I do some investigation on this. here is my result
I. Using EMC Symmetrix VMAX SAN(Storage Area Network) Mirror and SRDF (Symmetrix Remote Data Facility) remote replication software
Please refer to h12079-vnx-replication-technologies-overview-wp.pdf for details
Preconditions
1. Having EMC Symmetrix VMAX SAN installed
2. Having SRDF softeware
Advantages of 3 different modes
1. Symmetrix Remote Data Facility / Synchronous (SRDF/S)
Provides a no data loss solution (Zero RPO).
No server resource contention for remote mirroring operation.
Can perform restoration of primary site with minimal impact to application. Performance on remote site. Enterprise
disaster recovery solution. Supports replicating over IP and Fibre
Channel protocols.
2. Symmetrix Remote Data Facility / Asynchronous (SRDF/A) Extended-distance data replication that supports longer distances
than SRDF/S. SRDF/A does not affect host performance, because host
activity is decoupled from the remote copy process. Efficient link
utilization that results in lower link-bandwidth requirements.
Facilities to invoke failover and restore operations. Supports
replicating over IP and Fibre Channel protocols.
3. Symmetrix Remote Data Facility / Data Mobility (SRDF/DM)
II. Using Backup Tools
Please refer to http://gpdb.docs.pivotal.io/4350/admin_guide/managing/backup.html for details
Parallel Backup
Parallel backup utility gpcrondump
Non-parallel backup
It is not recommended. It is used for migrate PostgreSQL databases to GreenPlum databases
Parallel Restore
Support system with the same configuration and different configuration with the source GreenPlum database configuration
Non-Parallel Restore
pg_restore requires to modified the create statement to add distributed by clause
 
Disadvantages
1. The backup process locks table, it put an EXCLUSIVE lock on table pg_class. It means that read permission is only allowed in this period.
2. After releasing the EXCLUSIVE lock on table pg_clas, it will put an ACCESS SHARE lock on all the tables, it only allows read access during the lock period.
III. Replay DDL statements
In PostgreSQL, there is a parameters to log all the sql statements to a file.
In the data/postgresql.conf, modify log_statement to ‘all’
Write an application to get the DML and DDL statement, and run them in the DR servers.
Advantage
1. Easy to configure and maintain
2. No decrease in the performance
Disadvantage
1. Need additional storage for the statement logging
IV. Parse the wal log of PostgreSQL
Parse the wal log to extract the DDL statement from the log and then run all the generated DDL statements in the DR GreenPlum
Advantage
1. Doesn’t impact the source GreenPlum Database
Disadvantage
1. Write code to parse the wal log
2. Not easy to parse the log, there are not enough documents about the wal log.
3. Don’t know if it is feasible for GreenPlum, as it is one solution for PostgreSQL.

Related

Dynamically List contents of a table in database that continously updates

It's kinda real-world problem and I believe the solution exists but couldn't find one.

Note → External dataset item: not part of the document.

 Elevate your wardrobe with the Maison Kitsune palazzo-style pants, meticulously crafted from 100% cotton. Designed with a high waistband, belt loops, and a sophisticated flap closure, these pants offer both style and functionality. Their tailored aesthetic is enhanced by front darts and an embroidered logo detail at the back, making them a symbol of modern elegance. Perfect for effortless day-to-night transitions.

So We, have a Database called Transactions that contains tables such as Positions, Securities, Bogies, Accounts, Commodities and so on being updated continuously every second whenever a new transaction happens. For the time being, We have replicated master database Transaction to a new database with name TRN on which we do all the querying and updating stuff.

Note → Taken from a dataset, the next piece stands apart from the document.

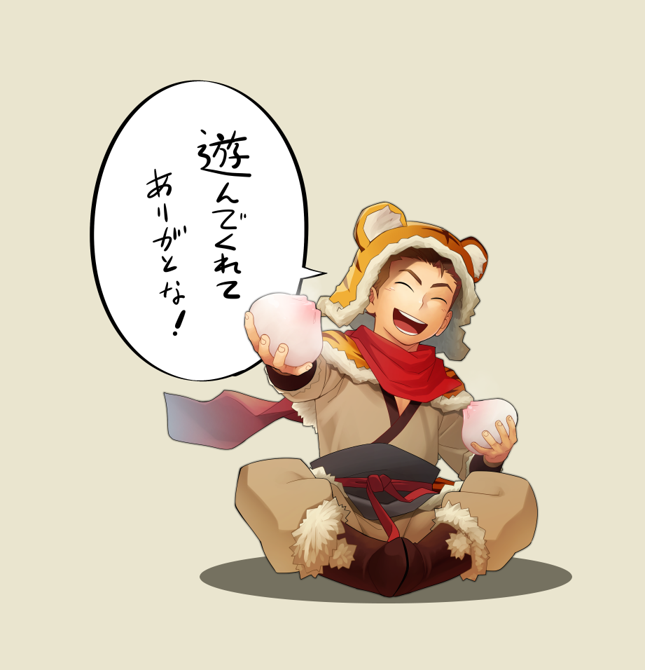 1boy animal_print baggy_clothes baggy_pants steamed_bun belt blush boots brown_hair cape capelet child closed_eyes food hat itto_(mentaiko) japanese_clothes japanese_text kimono male_focus open_mouth pants sangokushi_puzzle_taisen sitting skirt smile solo speech_bubble spiked_hair sun_quan sun_quan_(sangokushi_taisen) teeth tiger_print tongue yukata

We want a sort of monitoring system ( like htop process viewer in Linux) for Database that dynamically lists updated rows in tables of the database at any time.

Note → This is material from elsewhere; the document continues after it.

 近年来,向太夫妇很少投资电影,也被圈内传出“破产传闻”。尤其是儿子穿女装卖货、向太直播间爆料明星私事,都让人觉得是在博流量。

TL;DR Is there any way to get a continuous updating list of rows in any table in the database?
Currently we are working on Sybase & Oracle DBMS on Linux (Ubuntu) platform but we would like to receive generic answers that concern most of the platform as well as DBMS's(including MySQL) and any tools, utilities or scripts that can do so that It can help us in future to easily migrate to other platforms and or DBMS as well.
To list updated rows, you conceptually need either of the two things:
The updating statement's effect on the table.
A previous version of the table to compare with.
How you get them and in what form is completely up to you.
The 1st option allows you to list updates with statement granularity while the 2nd is more suitable for time-based granularity.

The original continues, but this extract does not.